[Source data]
• • • • • • •

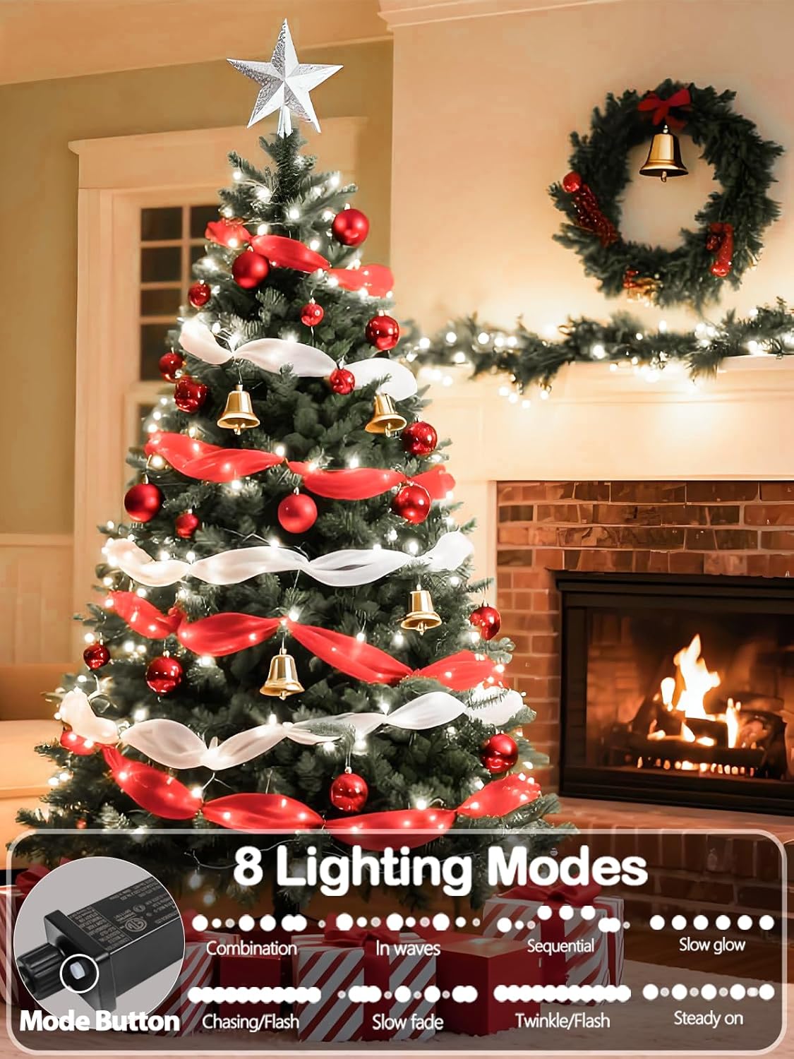 Unique 8 Lighting Modes: This twinkle lights have 8 modes to fit different occasions, moods, feelings, holidays, festivals, anniversaries, etc. (Combination, In waves, Sequential, Slow Glow, Chasing/Flash, Slow fade, Twinkle/Flash, Steady on). Adjust the lighting modes by pressing the round button on the adapter.
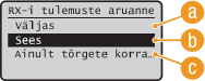 Saate printida vastuvõetud faksi andmete kontrollimise aruande. Aruande saab printida kas iga kord pärast faksi vastuvõtmist või ainult saatmistõrgete korral.
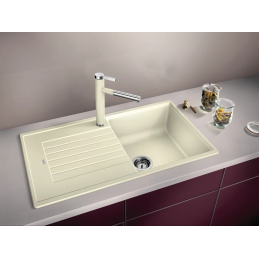 Blanco Zia 5 S ist ein praktisches Granitspülbecken mit einer größeren Spülschüssel, geeignet für Unterschränke mit einer Breite ab 50 cm. Es bietet die ideale Kombination aus Platz und modernem Design mit Abtropffläche.
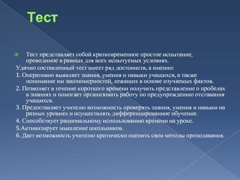 Удачно составленный тест имеет ряд достоинств, а именно:
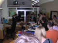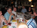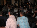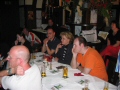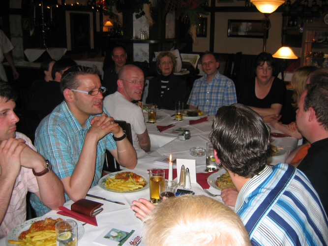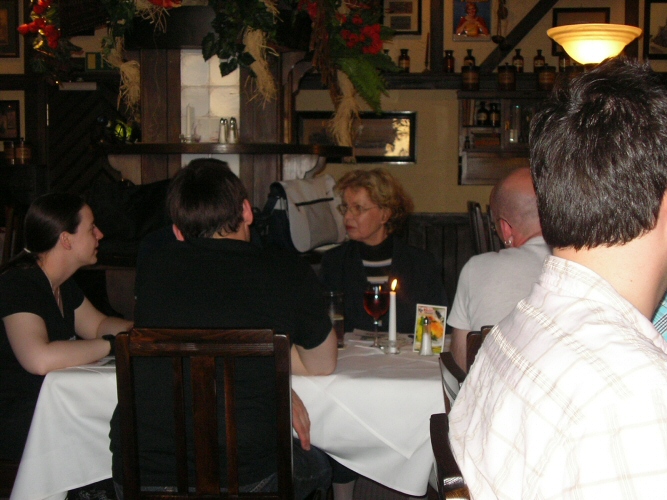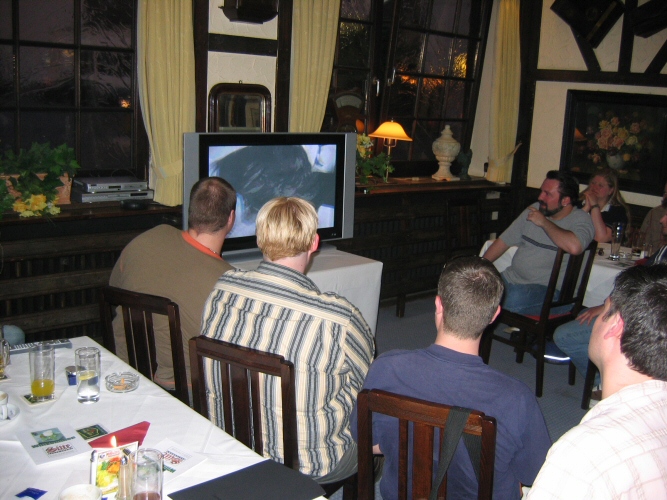 Da es schon nach 18 Uhr war und die meisten vor Hunger und Durst kaum noch stehen konnten, beschlossen wir gleich in die "Sitte" zu fahren. Also, alle Fans wieder in die Autos und losgedüst, während die Webmaster die Witta in ihr Hotel fuhren, damit sie sich etwas frisch machen konnten. In der "Sitte" angekommen, waren wir doch sehr enttäuscht, dass der Service bei weitem nicht so gut war, wie am Vorabend. Nur ein Kellner für knapp 40 Leute ist einfach zu wenig. Der Raum selbst war zwar schön gestalten, doch verfügte er nicht über eine Klimaanlage, so dass die paar gekippten Fenster keine wirkliche Erholung von der Hitze des Tages verschafften. Doch als die Witta mit den Jungs endlich eintrafen, waren Hunger und Durst bald vergessen. Nach dem Essen und einigen Worten der Webmaster sahen wir uns dann gemeinsam die Drombusch-Teamfilme an. Herrlich schräge Typen, diese Filmleute! Am besten kamen wohl die vermasselten Szenen von Anja Jaenicke "Yvonnchen" an, die zwar trotz Drehbuch stumm sein sollte, in einer Szene aber plötzlich losprustete "Lass mich doch endlich in Ruhe, du Arsch!" und Eike Hagen Schweikhardt als "Thomi" der zu unserm Onkel Ludwig meinte, ob er nicht "ein Eis mit heißen Tomaten" wolle. Gegen kurz vor 23 Uhr löst sich das Fantreffen erschöpft aber glücklich über diesen tollen Tag auf und übrig blieben die Jungs und Witta. Zusammen haben wir dann noch einen kleinen Absacker getrunken und hätte uns der Kellner nicht sehr unfreundlich zu verstehen gegeben, dass er jetzt Feierabend machen wolle, wären wir sicher noch länger sitzen geblieben. Na ja, halb eins reicht ja auch

• • • • • • •

Reproduce the complete set of records verbatim and omit the pictures.

• [EXERCISE ANSWER]
 Unique 8 Lighting Modes: This twinkle lights have 8 modes to fit different occasions, moods, feelings, holidays, festivals, anniversaries, etc. (Combination, In waves, Sequential, Slow Glow, Chasing/Flash, Slow fade, Twinkle/Flash, Steady on). Adjust the lighting modes by pressing the round button on the adapter.
 Saate printida vastuvõetud faksi andmete kontrollimise aruande. Aruande saab printida kas iga kord pärast faksi vastuvõtmist või ainult saatmistõrgete korral.
 Blanco Zia 5 S ist ein praktisches Granitspülbecken mit einer größeren Spülschüssel, geeignet für Unterschränke mit einer Breite ab 50 cm. Es bietet die ideale Kombination aus Platz und modernem Design mit Abtropffläche.
 Удачно составленный тест имеет ряд достоинств, а именно:
 Da es schon nach 18 Uhr war und die meisten vor Hunger und Durst kaum noch stehen konnten, beschlossen wir gleich in die "Sitte" zu fahren. Also, alle Fans wieder in die Autos und losgedüst, während die Webmaster die Witta in ihr Hotel fuhren, damit sie sich etwas frisch machen konnten. In der "Sitte" angekommen, waren wir doch sehr enttäuscht, dass der Service bei weitem nicht so gut war, wie am Vorabend. Nur ein Kellner für knapp 40 Leute ist einfach zu wenig. Der Raum selbst war zwar schön gestalten, doch verfügte er nicht über eine Klimaanlage, so dass die paar gekippten Fenster keine wirkliche Erholung von der Hitze des Tages verschafften. Doch als die Witta mit den Jungs endlich eintrafen, waren Hunger und Durst bald vergessen. Nach dem Essen und einigen Worten der Webmaster sahen wir uns dann gemeinsam die Drombusch-Teamfilme an. Herrlich schräge Typen, diese Filmleute! Am besten kamen wohl die vermasselten Szenen von Anja Jaenicke "Yvonnchen" an, die zwar trotz Drehbuch stumm sein sollte, in einer Szene aber plötzlich losprustete "Lass mich doch endlich in Ruhe, du Arsch!" und Eike Hagen Schweikhardt als "Thomi" der zu unserm Onkel Ludwig meinte, ob er nicht "ein Eis mit heißen Tomaten" wolle. Gegen kurz vor 23 Uhr löst sich das Fantreffen erschöpft aber glücklich über diesen tollen Tag auf und übrig blieben die Jungs und Witta. Zusammen haben wir dann noch einen kleinen Absacker getrunken und hätte uns der Kellner nicht sehr unfreundlich zu verstehen gegeben, dass er jetzt Feierabend machen wolle, wären wir sicher noch länger sitzen geblieben. Na ja, halb eins reicht ja auch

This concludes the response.